The food was simple and tasty. Shrimp cocktail; jollof rice with plantain and fried chicken; and fresh fruit salad or cheese and English crackers for dessert. The wines were excellent but totally wasted on the company, only His Excellency, the American girl and myself showing the slightest interest. The Bassa men stuck as usual to the beer they had been drinking all day; one of the ladies had double gins and lime and the other two a shandy of stout and Seven Up which one of them—Irene, I think her name was—apostrophized as Black Is Beautiful.

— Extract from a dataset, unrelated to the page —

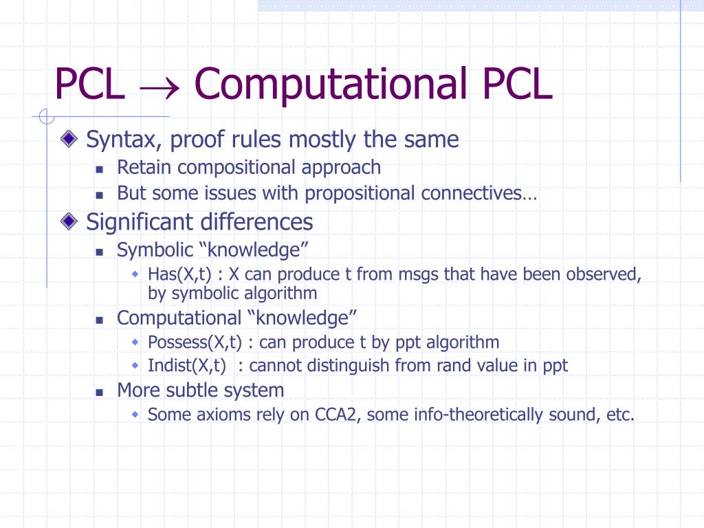 PCL Computational PCL • Syntax, proof rules mostly the same • Retain compositional approach • But some issues with propositional connectives… • Significant differences • Symbolic “knowledge” • Has(X,t) : X can produce t from msgs that have been observed, by symbolic algorithm • Computational “knowledge” • Possess(X,t) : can produce t by ppt algorithm • Indist(X,t) : cannot distinguish from rand value in ppt • More subtle system • Some axioms rely on CCA2, some info-theoretically sound, etc.

His Excellency was a perfect host. From the head of the oval-shaped table he dispensed conviviality and put every one at their ease. Had there been just a little less eagerness on the part of the guests to agree with everything he said and laugh excessively whenever they thought he was making a joke the evening might have been quite remarkable really. He had placed me on his right and the American girl on his left so that we faced each other across a thin end of the oval. On my right was the reticent Major Ossai and across the table from him the Commissioner for Works. The Chief of Army Staff controlled the far end of the table like a second-class chief attentive, whenever required to do so, to the paramount chief but sometimes out on his own quietly filling the gin-and-lime girl with giggles.

The host’s efforts to get the American girl and me talking together failed dismally. I simply couldn’t muster anything you could call enthusiasm to sustain an exchange even with the Head of State chipping in to fan the failing flames. The other, after my initial rebuff was no more than merely polite. Whenever I was not talking to the host I would turn to the gentleman on my right and engage him seemingly in deep exchanges. And he was ideal for my purpose having no greater will for social courtesies than a standby generator has to produce electricity when the mains are performing satisfactorily.